#### Information supplied ####
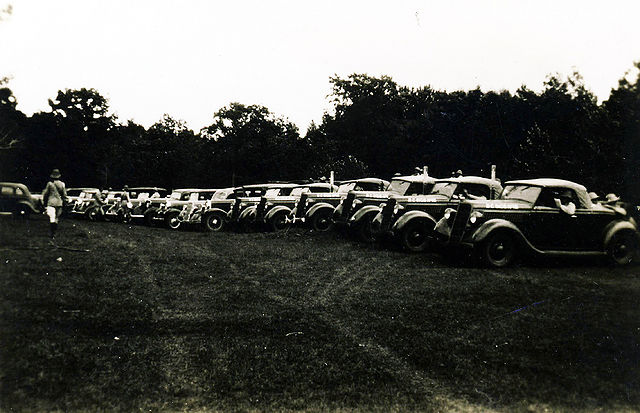 Circa 1935 photo of early Signals vehicles in Bordon. The closest cars are Car, 2-seater, Wireless, Ford Type (Ford Roadster) and other vehicles such as Car Wireless Control Ford Type can be seen farther back.
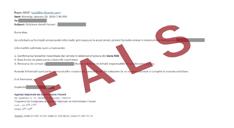 Atragem atenția că această adresă de e-mail NU aparține ANAF!
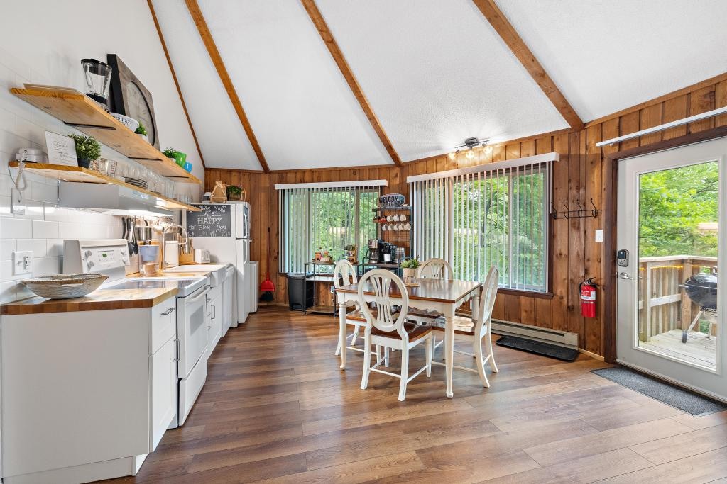 Dette er en helt ny bygning som er tilgjengelig for bestilling for fjellferien din! Det er tre soverom, to bad og et tak fullt av solcellepaneler. Huset har vakre tregulv, betongbenker, T-banefliser, apparater i rustfritt stål og moderne møbler. Gjestene vil forelske seg i verandaen og lyden av bekken i bakgrunnen. All energi som brukes på stedet, genereres rent og fornybart. For elbileiere ligger et 50 amp stikkontakt ved kjøringen for å lade opp.
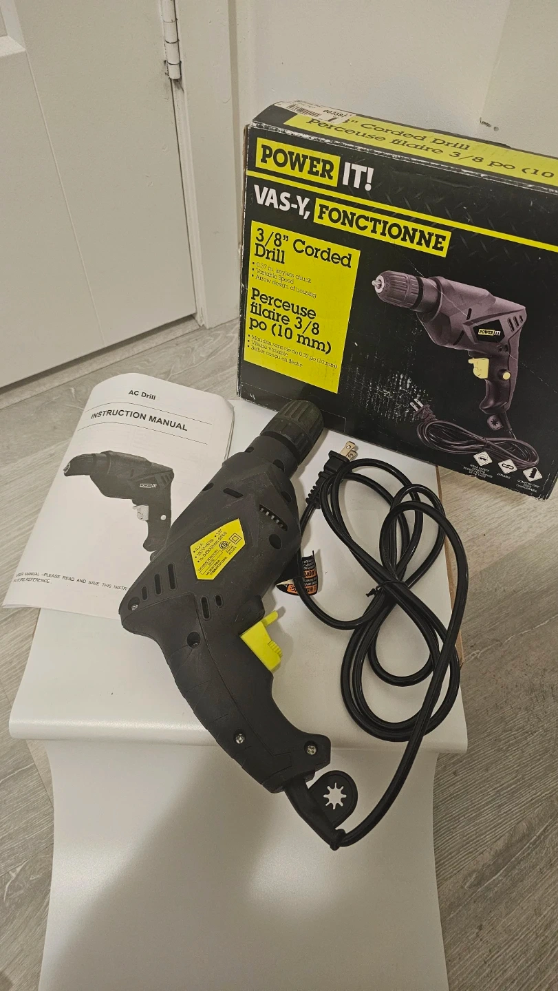 [No chuck/drill bits included] Power It! 3/8" Corded Drill
####
Task goal: Copy out exactly the lines that run from the line containing "Dette er en" through the last line of the material, and nothing more; omit the pictures.

Answer to this problem:
 Dette er en helt ny bygning som er tilgjengelig for bestilling for fjellferien din! Det er tre soverom, to bad og et tak fullt av solcellepaneler. Huset har vakre tregulv, betongbenker, T-banefliser, apparater i rustfritt stål og moderne møbler. Gjestene vil forelske seg i verandaen og lyden av bekken i bakgrunnen. All energi som brukes på stedet, genereres rent og fornybart. For elbileiere ligger et 50 amp stikkontakt ved kjøringen for å lade opp.
 [No chuck/drill bits included] Power It! 3/8" Corded Drill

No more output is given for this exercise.